# Can't get over losing Paddy



## Kerry1976 (Jan 5, 2011)

Ok, so some of you may have read my first posts (the reason I joined the forum really) about the fact that I lost one of my kittens to the road outside my house. This happened on 30th November and although I know it's not that long I am still crying about it all the time. I just can't seem to get over it. I absolutely hate driving home as I picture pulling up outside my house and our neighbours standing around looking at him, like they were on that day (he was still alive and in pain when I got there).

Has anyone got any tips at all? There must be something I can do to get past this.


----------



## Nan (Oct 11, 2010)

I don't have my kindle at work...there was a good book I read for pet grief last fall. I'll post tonight when I can look it up. You are experiencing grief and need to work through it. You will always feel love for your pet and maybe sadness, but the sadness will fade in time.

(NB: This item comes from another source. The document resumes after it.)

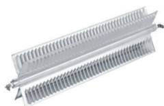
Difusor Térmico Elemento Calefactor

Some of the things they mentioned in the book were.
Journaling - write down your feelings. Write down who you were angry with about your pets death; situations you were angry with; what you did or didn't do that made you angry.
Making a memorial. Gathering pictures; putting them in a book and writing down the memories so you can remember the good things.


----------



## Pawsitively Nicole (Feb 12, 2011)

The memorial thing is a wonderful idea. When I loss Snickers I only had 3 pictures of her, but I longed for more wishing I could make a scrapbook in her memory. It would have helped me with my grief. When I was working at a shelter I viewed those cats as my babies until someone adopted them. So it hit me hard when one would pass away. I would grieve for weeks. One way I coped was by making myself a rock garden. Every time one passed away I would write their name on a rock and place it in the garden. Those were my babies that passed on, I was the last mama they ever knew. It was like a burial ground to me, I can talk to them there and feel like they are with me when I am at the rock garden. It also made me feel like I had a piece of them with me. A rock is not something that fades quickly, especially protected like these ones are. It helped me feel like the cats still had a permanent place here with me that can't be taken away.

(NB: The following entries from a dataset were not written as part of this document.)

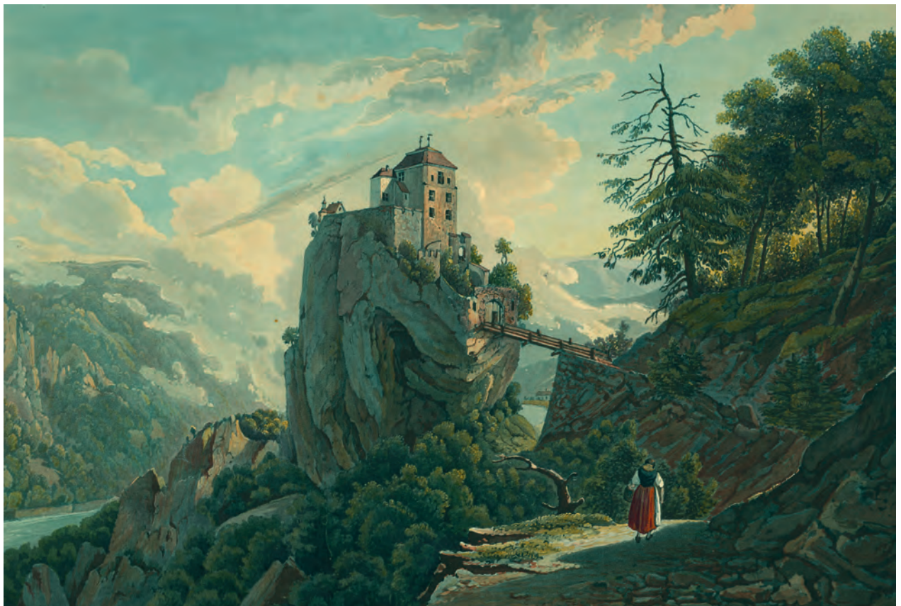
Johannes Ruff (1813–1886): «Schloss Bronnen im Donauthal», 1835. Eine der schönsten Donautal-Veduten im Geist der Romantik, erschienen 1835 in der Mappe «Malerische Reise der Donau» im Zürcher Locher-Verlag. Aquatinta-Radierung, koloriert, 17 x 24 cm.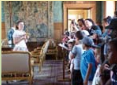
Visite du château de Thoiry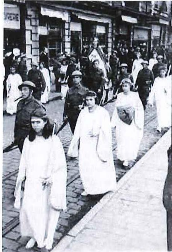
Les Anges de Mons lors de la Procession de 1945, dans Fonds photographique des Montois Cayaux, n° 603.

Grâce aux photographies de 1945, nous pouvons décrire le groupe : nous y découvrons plusieurs soldats britanniques avec l'uniforme de 1918 iden-

I wish there was something I could recommend that would ease the pain, but I can't. It took me about 3 months before I could enter the house without crying. Whenever I would come home she used to be right there, kneading and purring loudly. She was always so excited when I came home. Things felt empty without her there. It was a year before I was able to even look at another cat again. 

I wrote this on another thread as far as coping with loss, I don't know if it will help but perhaps it will: I'm not sure I coped well with it. I was suffering severely with depression at this time, and at the time she had given me a source of happiness. She made me feel loved and needed. Then she was gone. I got her tag and put it on a chain. I wore it every day under my clothes, close to my heart. I was so scared of her memory fading, like I would lose her. I only got 3 pictures of her and a small video. I would look at them constantly and apologize to her, that I didn't find her sooner and get her help sooner. The vet sent me the poem of the Rainbow Bridge. I taped it up in my living room and clung to it's words. I couldn't bare to see her stuff or the room I set up all for her. I cleared everything out and threw it away, then shut the door to that room and didn't go back in (we moved 3 months later). I don't think I coped well. I remember just crying and crying.

Everyone deals with grief differently. Some go right out and get another cat and that helps them cope. Others like me need a chance to feel the loss before we could possibly give our hearts to another cat. Allow yourself to feel your grief for as long as it takes and cope in the way that feels right for you.

I am sorry for the loss of your baby. It is so hard when they leave this earth and take a piece of your heart with them atback


----------



## Nan (Oct 11, 2010)

The book is "The Loss of a Pet" by Wallace Sife. I just looked: Amazon UK also has the book. (I realized I can look up my order history on the Amazon kindle site).

I had to PTS my cat Sophie last June. I thought I was doing pretty good with the grief in August and it resurfaced in Sept when I started looking at cats.


----------



## Kerry1976 (Jan 5, 2011)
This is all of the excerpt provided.